The People's Refreshment House Association.

The PRHA was founded in 1896 by Francis Jayne, Bishop of Chester and in what we might now call its mission statement, its Article of Association included the following aims.

Francis Jayne, Bishop of Chester

i) The encouragement of temperance at Inns, Public Houses and Canteens.

ii) The provision and prompt supply of food and non-alcoholic refreshments.

iii) The maintenance of cleanliness and good order.

iv) The purchase of good supplies in the open market.

 

The PRHA recognised, at the outset, that c.80% of pubs in the United Kingdom were tied to brewers and spirit merchants. Therefore, it set out to invite landowners (with pubs on their estates) corporations, property trusts etc to allow the PRHA to manage their houses and to encourage the public to let the Association know if free houses were being put up for sale.

Funding came via 1 shares offered to the general public, though to discourage stock speculation, the annual dividend was capped at 5% (or 1/- in the pound).

In 1901 the PRHA owned/managed 14 pubs but by 1907 this number had risen more than fourfold to 61. At the peak of its powers, the PRHA controlled c.130 pubs. However, the progress of the PRHA seems to have slowed down in the inter-war period and the Association's freehold properties and leasehold interests were acquired by Charrington's Anchor Brewery in early 1962.

The PRHA Limited was formally wound up in 1966.

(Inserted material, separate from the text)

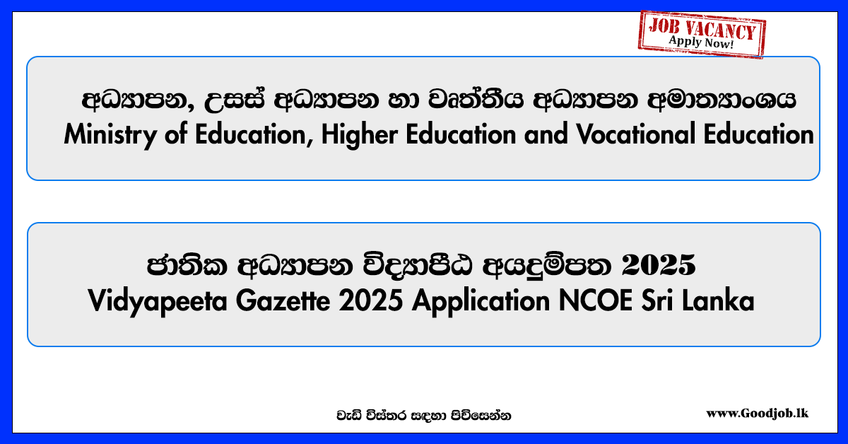 The Ministry of Education, Sri Lanka has opened admissions for the National Diploma in Teaching Course at National Colleges of Education, based on the G.C.E. (A/L) 2023 & 2024 results.
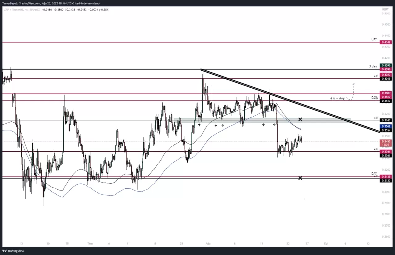 Teknik olarak incelediğimizde ise 30 Temmuz tarihinden bu yana oluşmuş olan üçgen yapısının alt taban seviyesine denk gelen 0.3643 dolar desteğini sert bir şekilde kırarak yaklaşık %9 değer kaybeden XRP 0.3361 dolar desteğinde tutundu.

The PRHA made available a form of directory (an early Good Pub Guide!) which offered travellers a simple map and a brief description of their pubs. All PRHA pubs offered tea/coffee at 1d a cup and a separate room/entrance (away from the bar) for individuals and families to enjoy food and non-alcoholic drinks. Most PRHA houses had tea gardens and some offered accommodation. Pub managers were paid commission on food and soft drinks but received nothing on sales of beer/spirit sales. Adverts for alcoholic drinks were banned and the Association insisted that its managers strictly observe all the conditions of the various Licensing Acts.